Fasting for Ramadan is comprised of two main sections.  The first “New Moon in the Western Sky: Ramadan Essays” are free-associative essays first written for an Oberlin University blog.  Ali discusses his thoughts on Ramadan, dinner gatherings, and matters literary and personal.  The former blog entries give the essays a semi-public feel, not necessarily confessional, but definitely for public consumption.  (The essays pique this reviewer’s interest in seeing what the comments board revealed, since blog posts can act as one half of a public dialogue.)  The second section is called “Absence of Stars: A Fasting Notebook.”  Written years earlier, this is Ali’s personal journal during the Ramadan month.  The tone is more confessional, the feelings more naked, and the impressions more immediate.  In both sections, Ali’s calling as a poet are revealed.

Islam, like Christianity and Judaism, is a religion of the word.  Ramadan celebrates the Prophet Muhammad’s injunction from God (Allah, al-Ilah, literally “The God”) to write the Quran.  Ali writes:

It’s a sacred month, regardless of fasting, because it is said to be the month in which the revelation of the Quran began.

When Gabriel came to the prophet in cave and said, “Read.  Read in the name of the One who created you, made you from a clot of blood.”

And what night of the month was that?  Complicated question.

Supposedly: An odd-numbered night in the third week of the month.  Cryptic.

(NB: Spacing and paragraph spacing in original text.)

Ali’s writing wavers from the ruminative to the epigrammatic, the text a dancer making split-second turns and unexpected reversals.  The hunger for food becomes the engine of his writing, propelling him forward and inward.  The inwardness yields to questions about his faith, his world, and his writing.  The inwardness remains even as the prolonged nature of the fast allows his gnawing hunger to fade away like so much fog on his morning runs.

Amidst the meditations, epigrams fly out and beckon second looks: “Fasting is first to abstain and then to embrace emptiness.  Then to give emptiness back.”  (How can one not think of Beckett?)  “But since I am not sure what the nature of god is (or God if you prefer, or G-D, or whatever) I don’t know how to speak.”  (Shades of the Daoist; serenity in uncertainty.)  “Eden is over, if ever Eden was real.”

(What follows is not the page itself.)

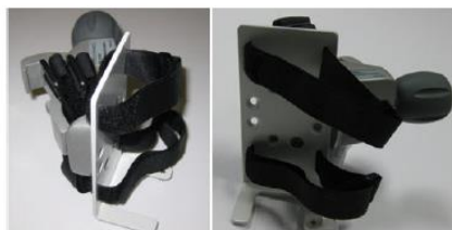
Figure 15-8 EV1000 Power Adapter Bracket

The reviewer hopes to gain further pleasure from the text with the recipes in the back.  The emptiness of Kazim Ali’s experience gives back again, this time with the sensations of the tongue and the nose, the eye having been sated on the words.  This is literature to be savored by a writer that bucks the usual stereotype our culture has given the faithful Muslim.  On a rudimentary level, Fasting for Ramadan gives the reader an understanding of the physical and spiritual efforts involved in this month-long practice.  On another level, the book gives a double portrait (one public, another private) of an individual’s attempt to understand himself and his world.